Il essaie de prouver que la matière est créatrice en elle-même; qu'il n'y a ni Dieu, ni besoin de Dieu. Il n'est donc pas besoin d'une puissance créatrice et providentielle pour donner l'existence et conserver les choses de la nature.

L'homme, par l'orgueil de l'intelligence et la perversité de la volonté, s'efforce de détrôner le Grand Éternel; Trois en Un, le Commencement et la Fin de toutes choses et de l'effacer du Ciel et de la terre.

L'infidélité (en tant que refus de croire) règne et l'homme, niant Dieu rejette toute Loi et toute contrainte contre ses passions...

L'homme obscurcit son intelligence par son incrédulité. Ôtez le soleil et vous n'aurez ni lumière, ni chaleur. Ôtez la Foi qui est la lumière de l'âme et tout est ruine et désolation.
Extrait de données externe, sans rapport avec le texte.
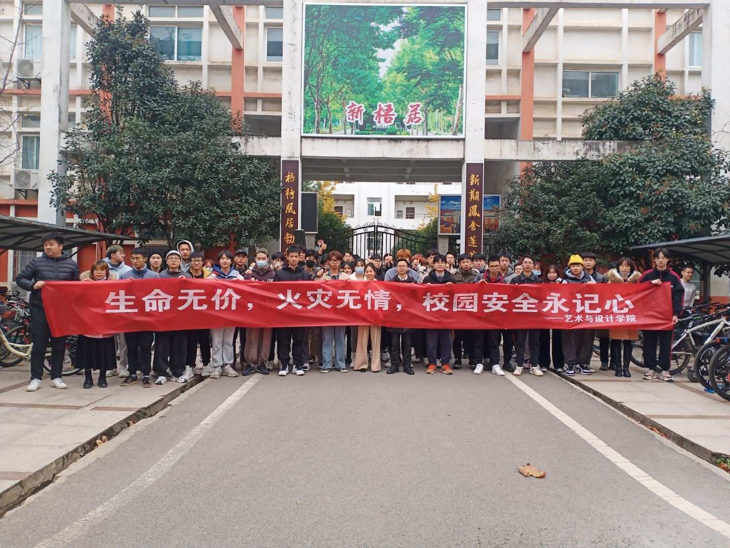 最后在同学们成功的将大火扑灭后,调度人员组织所有参与演习人员在横幅上签字示警。

C'est la sagesse du monde, vraie folie, qui entraîne les âmes dans l'abîme des ténèbres, l'Enfer. Il faut que Dieu obtienne réparation. Autrefois, Jésus a donné aux hommes, dont l'amour se refroidissait, Son Sacré-Cœur, comme élément réparateur et les âmes furent réchauffés. Maintenant, (non seulement l'amour s'est à nouveau refroidi) mais l'infidélité, l'orgueil intellectuel, la rébellion ouverte contre Dieu et Sa Loi révélée, l'opiniâtreté, la suffisance remplissent les esprits des hommes... d'où résultent l'égoïsme et le refus de l'obéissance à Dieu et à la Sainte Eglise.

Alors, ce même Jésus, Verbe Incarné, la Sagesse du Père, qui S'est rendu obéissant jusqu'à la mort de la Croix, nous donne de nouveau un antidote, un élément qui peut réparer, répare et qui réparera en toutes manières et paiera au centuple la dette contractée envers la Justice infinie de Dieu. Oh ! Quelle expiation pourrait-on offrir pour réparer une telle offense? Qui pourrait payer une rançon suffisante pour nous sauver de l'abîme? »

Regardez, voici une Victime désignée : la Tête de Jésus, couronnée d’épines » O Sagesse du Chef Sacré, guidez-nous dans toutes nos voies. O Amour du Sacré-Cœur, consumez-nous par Votre Feu.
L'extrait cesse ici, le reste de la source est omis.